━━━━━ Stored data ━━━━━

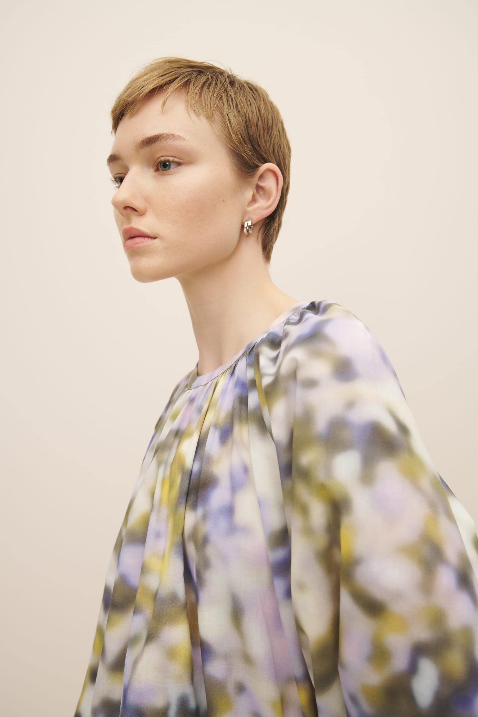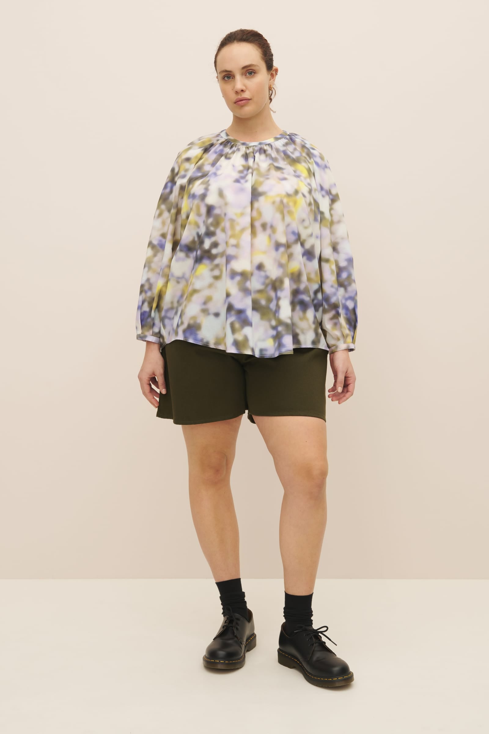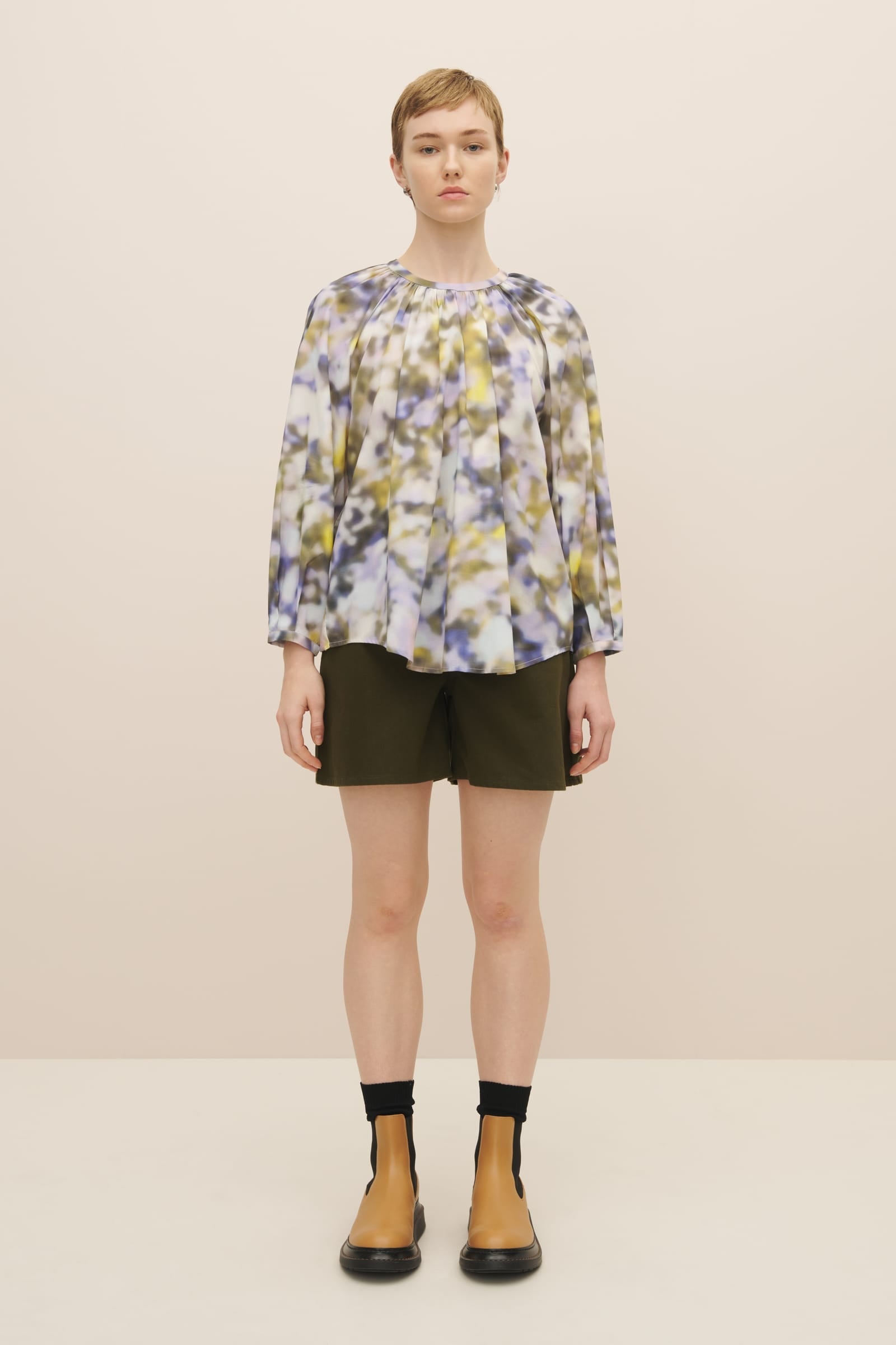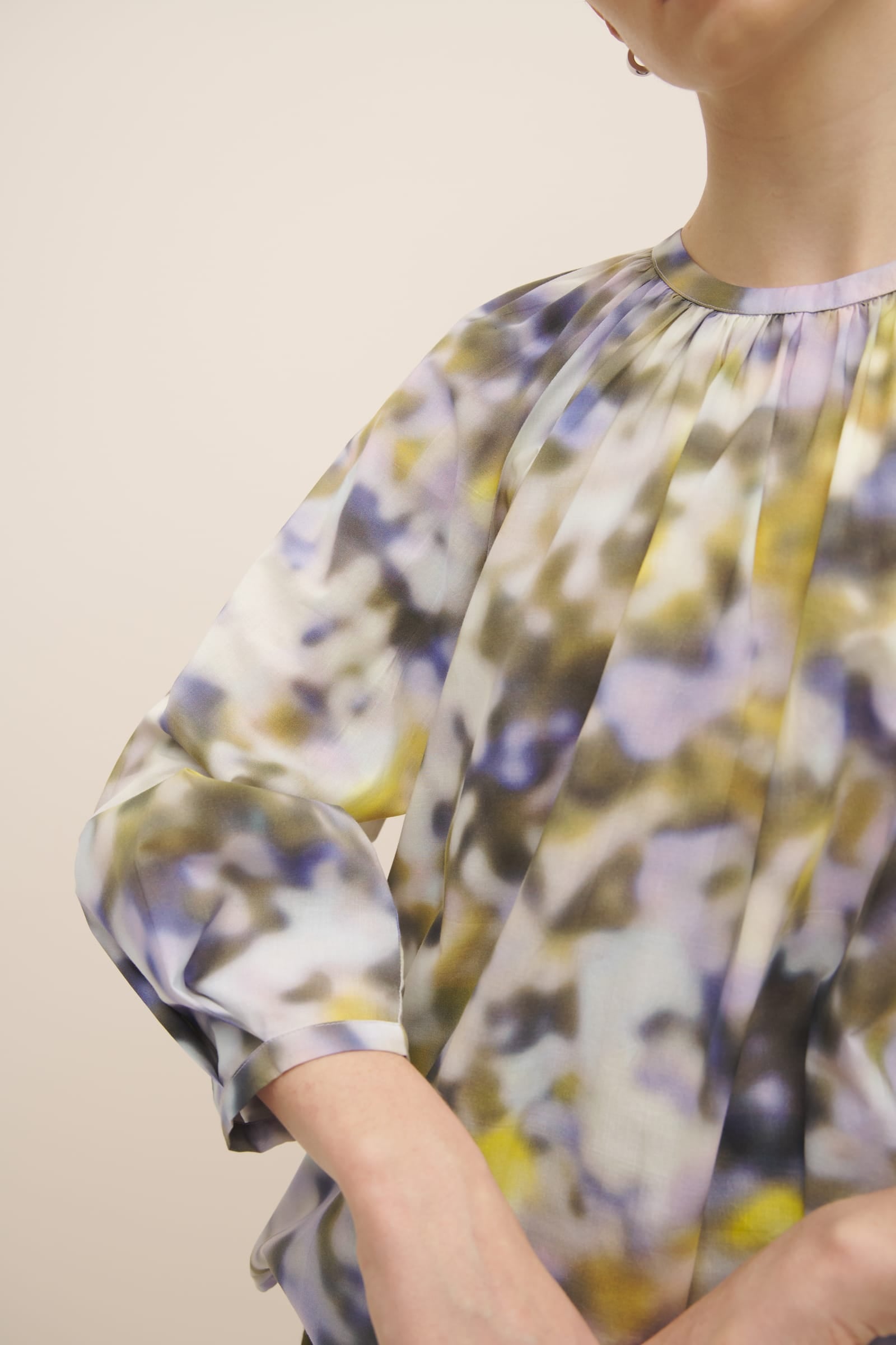 Digitally printed in our Komorebi print and made from 100% certified Fairtrade lightweight organic cotton voile, the Zinnia Top balances elegance with ease. It features a gathered neckline and pleated sleeves for subtle volume, while a curved hem ensures ease of wear. It has an oversized fit with raglan sleeves, and fastens at the back with a nut button. Our Komorebi print was inspired by dappled light filtered through a forest canopy.
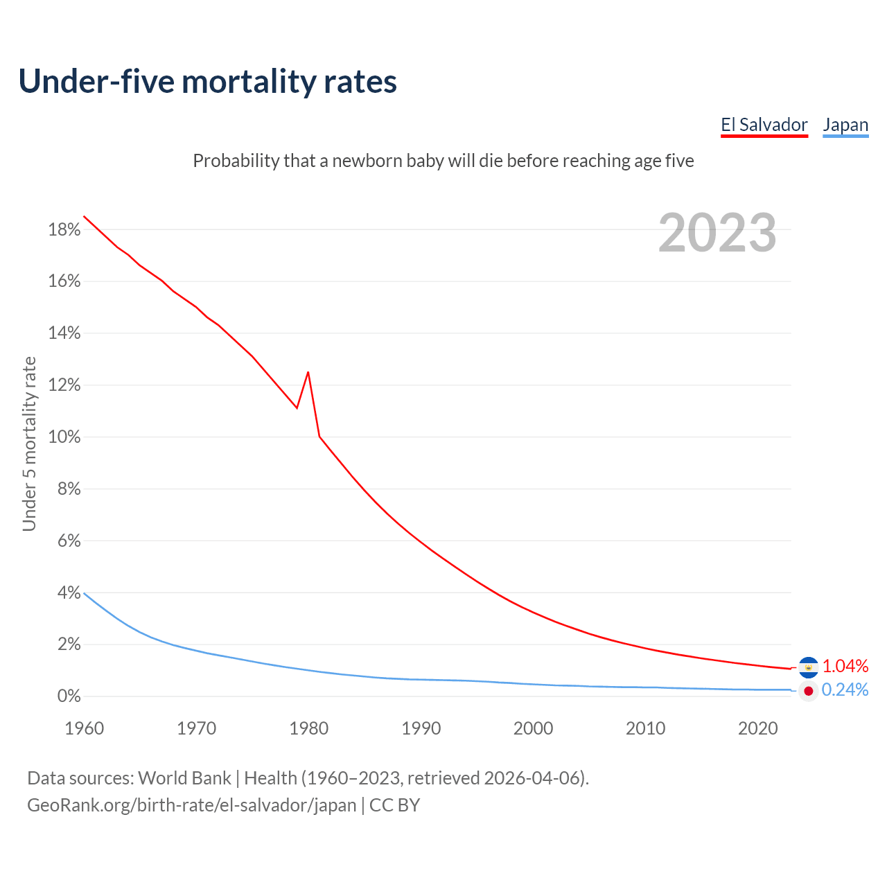 The chance that a newborn baby will die before reaching age five is 1.04% in El Salvador and 0.24% in Japan. Above is a chart with historical data on under-five mortality rates.
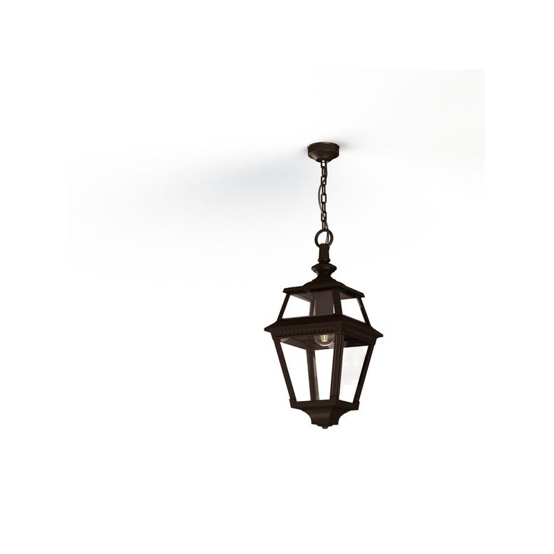 Description: Suspension chaîne PLACE DES VOSGES 2 en aluminium, E27, IP44, classe 1, diffuseurs verre clair. Teinte Rouille 046. Garantie 25 ans anticorrosion sur l'aluminiu

━━━━━

Restate the listing word for word, pictures omitted.

Answer space.
 Digitally printed in our Komorebi print and made from 100% certified Fairtrade lightweight organic cotton voile, the Zinnia Top balances elegance with ease. It features a gathered neckline and pleated sleeves for subtle volume, while a curved hem ensures ease of wear. It has an oversized fit with raglan sleeves, and fastens at the back with a nut button. Our Komorebi print was inspired by dappled light filtered through a forest canopy.
 The chance that a newborn baby will die before reaching age five is 1.04% in El Salvador and 0.24% in Japan. Above is a chart with historical data on under-five mortality rates.
 Description: Suspension chaîne PLACE DES VOSGES 2 en aluminium, E27, IP44, classe 1, diffuseurs verre clair. Teinte Rouille 046. Garantie 25 ans anticorrosion sur l'aluminiu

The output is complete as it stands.